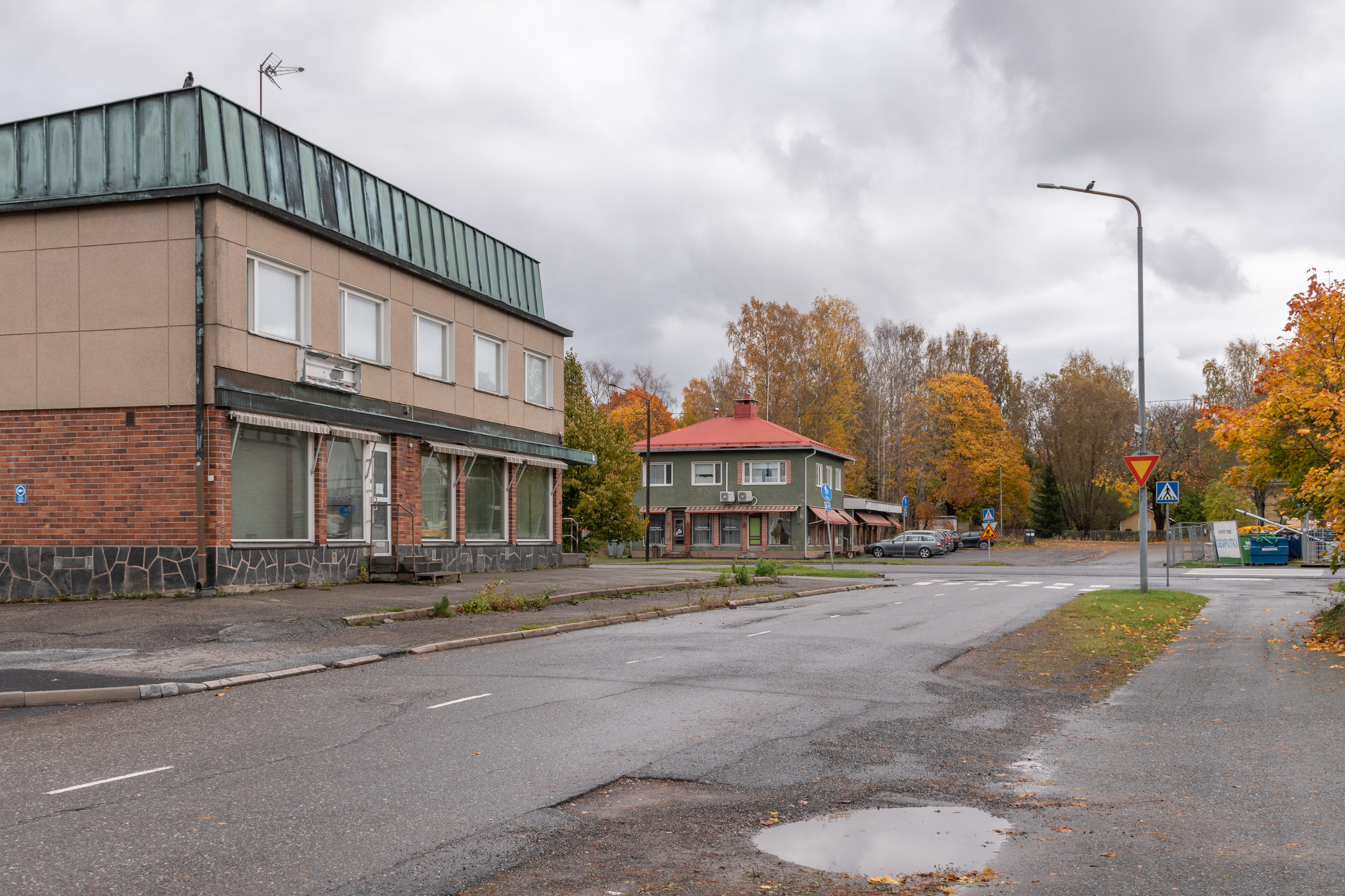 40. Бывшие банковские конторы легко опознаются по ящичкам ночных депозитариев (yösäilö) — не уверен, правильный ли это термин на русском — ящички, через которые можно вносить наличные средства на счет вне часов работы банка. Такие вроде бы могут использоваться и в наши дни, компаниями, которые в конце рабочего дня таким образом кладут на счет наличку из кассы (конечно, заключив на такую услугу предварительно договор); не знаю, может, в прошлом и простыми людьми могло использоваться. Тут, судя по сохранившейся на дверях надписи, после банка еще была больничная касса Пихлавских заводов — есть такая форма касс взаимопомощи на крупных предприятиях, тоже до сих пор существует.
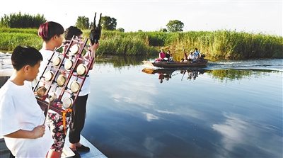 夕陽下,安新縣圈頭村的樂手乘船在淀上練習古曲,悠揚的樂聲在蘆葦蕩間久久回蕩,吸引了眾多游客的目光。圈頭村音樂會作為國家級非遺項目,在白洋淀遠近聞名。
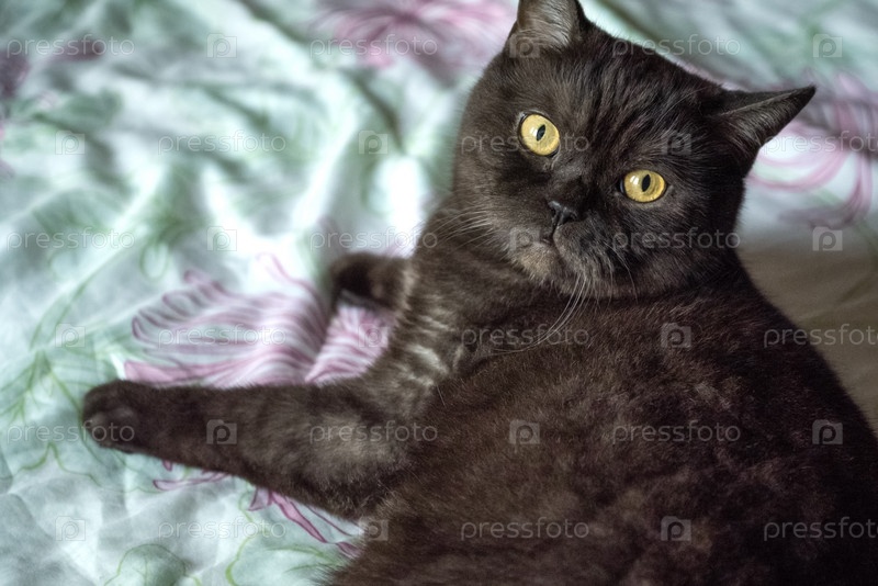 Милый серый чистокровный кот с желтыми глазами лежит на кровати

★ ★ ★ ★ ★ ★ ★

DIRECTIONS:
Only the lines from the one containing "夕陽下,安新縣圈頭村的樂手乘" through the final line of the listing should be reproduced, exactly and with no pictures.

ANSWER TO THE PROBLEM:
 夕陽下,安新縣圈頭村的樂手乘船在淀上練習古曲,悠揚的樂聲在蘆葦蕩間久久回蕩,吸引了眾多游客的目光。圈頭村音樂會作為國家級非遺項目,在白洋淀遠近聞名。
 Милый серый чистокровный кот с желтыми глазами лежит на кровати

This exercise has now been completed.